> **Your task**
Go to the line below that has "Elle se compose", print it and each line after it exactly, and stop after the line that has "Funda para Teléfono"; leave out pictures.

> **Provided data**
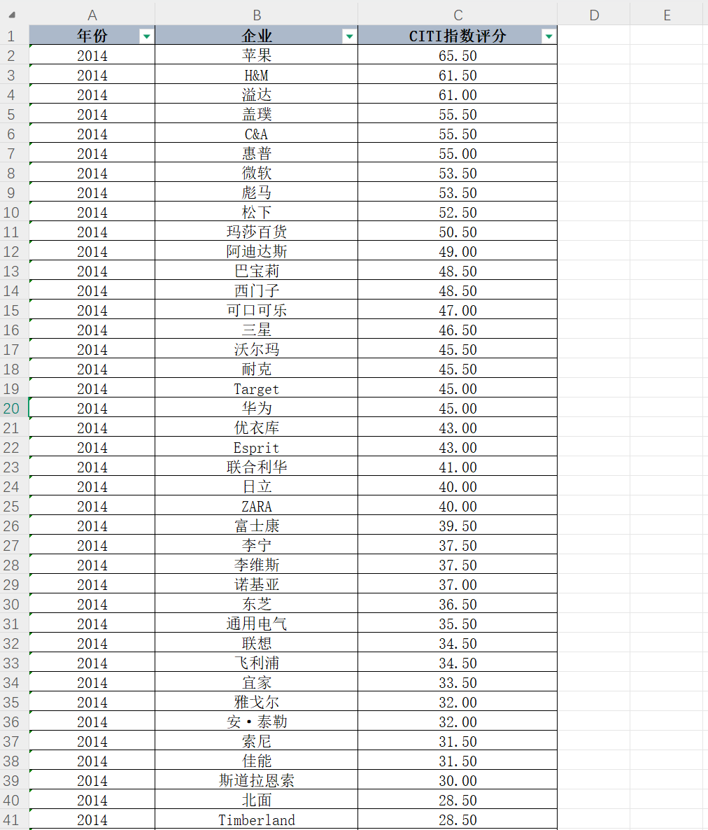 年份、企业、CITI指数评分、CATI指数评分。
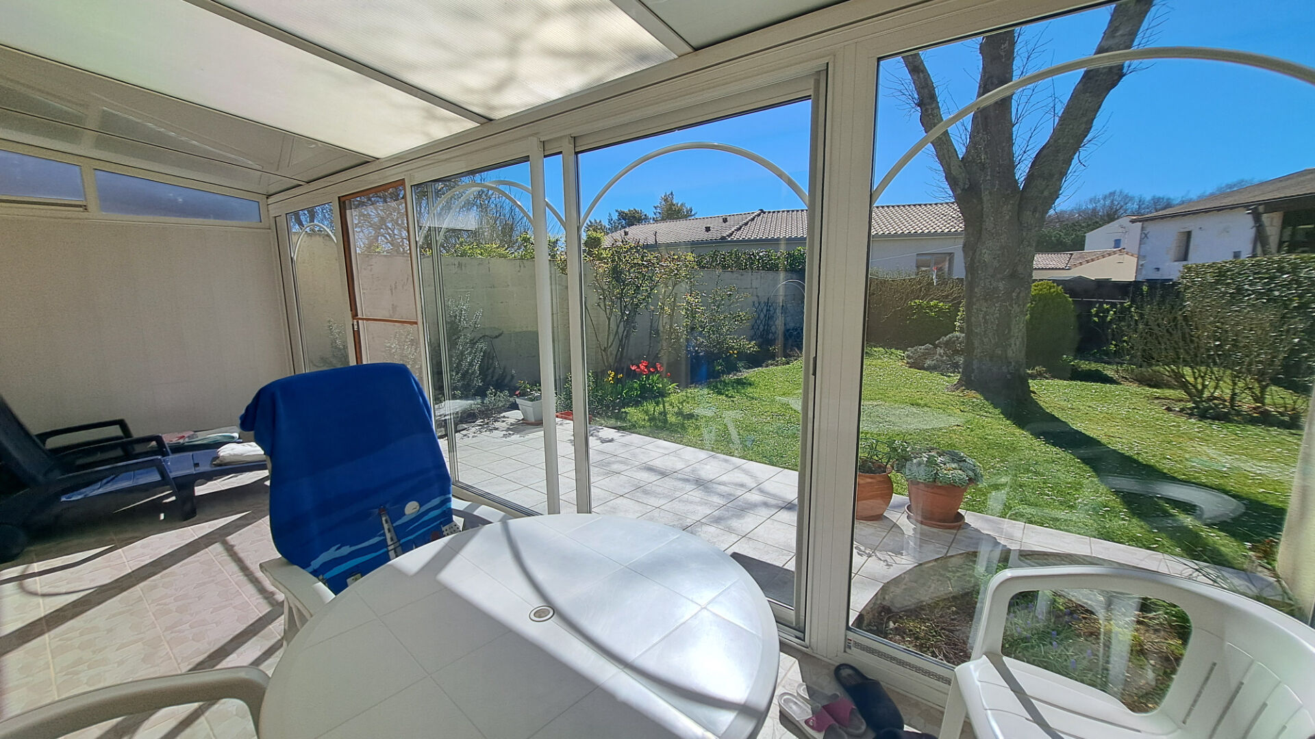 Elle se compose d'une entrée, d'une pièce de vie lumineuse avec salon et salle à manger, ainsi que d'une cuisine traversante ouverte sur une véranda exposée sud-ouest, idéale pour profiter de la lumière et des belles journées.
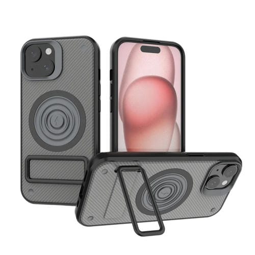 Funda para Teléfono iPhone 15 PC + TPU con Textura de Fibra de Carbono y Soporte de Metal (Gris)
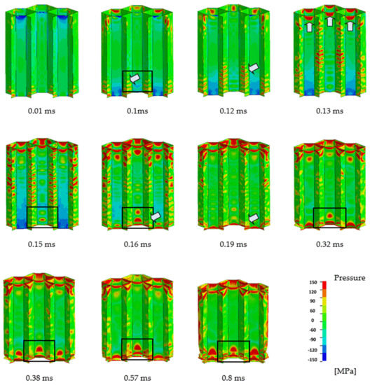 Figure 15 shows the honeycomb deformation with superimposed maps of the first invariant of the stress tensor (pressure) averaged over the shell thickness. In the early stages of compression, it may be observed that at the moment when the plate hits the structure, the induced stress propagates as a wave to the bottom (0.1 ms) where reflected, starts to travel back (0.12 ms) to the upper part of the honeycomb, where due to the contact with the plate, the structure is already partly strained (0.13 ms). The waves are further reflected and continue their travel again to the bottom part, where the stress concentrates (0.16 ms), forming the first fold. Since then, the deformation is localized behind the fold, which is followed by stress concentrations forming subsequent folds, bent “in” and “out” from the middle plane of cell walls.

> **Solved exercise**
 Elle se compose d'une entrée, d'une pièce de vie lumineuse avec salon et salle à manger, ainsi que d'une cuisine traversante ouverte sur une véranda exposée sud-ouest, idéale pour profiter de la lumière et des belles journées.
 Funda para Teléfono iPhone 15 PC + TPU con Textura de Fibra de Carbono y Soporte de Metal (Gris)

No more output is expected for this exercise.